The Dark Side of Leadership
We've seen the enemy…
…and it is us.
A speaker at a development programme I attended years ago (when I was still finding my feet as a manager at a large telecoms firm) said this. He was talking about the worst behaviours we see in organisations - and how any of us can display them.
That phrase has stuck with me ever since. Now, over a decade later, I find myself coming back to it often.
Take this list.
It came from a group of aspiring managers I spent a day with this week. They were brilliant - thoughtful, honest, and quick to name what great leadership looks like. And what poor leadership feels like.
The left side? That's what the best managers they'd worked for did. The right side? Well, that's the other lot.
(Forgive some of the phrasing - they were all speaking in their second or third language, and I wanted to capture their words as they said them.)
Here's what got me, though.
Too many of those behaviours on the right? I've done them. Not once. Not twice. More times than I'd like to admit.
The micromanaging when I was anxious about a deadline. The taking credit when I was desperate to prove my worth. The cancelled one-to-one because "something more urgent came up." That snappy email reply I fired off before I'd had my coffee.
I wasn't a bad manager pretending to be good. I was tired. Stretched. Under pressure. Distracted. Human.
And that's the uncomfortable truth, isn't it? We don't wake up planning to be the manager on the right-hand side. But when we're running on empty, it just… happens.

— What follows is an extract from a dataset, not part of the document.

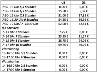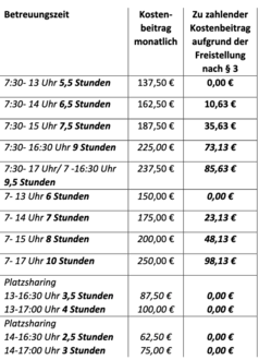 | Der Kostenbeitrag für die Betreuungszeitkarte beträgt unabhängig vom Alter des Kindes: |
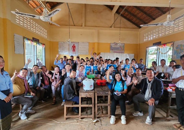 On January 14-17, 2025, the ICS Team, together with SNV and Government officers traveled to participate and exchange visit in the smoke-free village opening ceremony in Kampot Province, Cambodia. Visited a health center how to raise awareness and provide the knowledge about how smoke from the kitchen impact to health, after that visited school to see how teachers raise awareness for their students and also teaching the students cooking by using the electric cookers. Then visited the village council provided information on the use of clean stoves for household cooking. Finally visited the ceremony and announcement on smoke fee village that more than 800 people participated. the participants were happy and proud to have participated in this event, gained experience, learned how to work with local authorities and organizations to achieve goals and can also learn lessons to apply. We saw differences in many aspects and saw the attention of each group.

So what do we do about it?
Well, here's what we talked about in the session: you've got to check in with yourself. Regularly. Not in some performative wellness-app kind of way, but properly. How's my energy right now? What's my headspace like today? Am I present, or am I just going through the motions?
Because pretending everything's fine when it isn't? That's when the right-hand side sneaks out. The throwaway comment. The impatient tone. The person sat in "your" seat who suddenly becomes the target of all your pent-up frustration (yes, I've been that petty).
Self-care isn't indulgent. It's not a luxury or something that's just trendy right now. It's the difference between being the leader you want to be and the one you become when you're burnt out.
You might fully intend to be a left-hand-side manager. But if you're not looking after yourself, those right-hand behaviours will find you. And your team will know. They see it. They feel it. It shapes their week - sometimes their whole experience of work.
So here's the question I'm sitting with (and the one I left the group with):
Where are you right now? What do you need to stay in the right frame of mind to create the space your team deserves?
Because many leaders I speak to struggle with this. Not because they don't care, but because they're trapped in environments that don't give them the space to look after themselves either.
If that's you, you're not alone. And you don't have to keep running on fumes.
The best version of you is still there. Your team needs it. And honestly? So do you.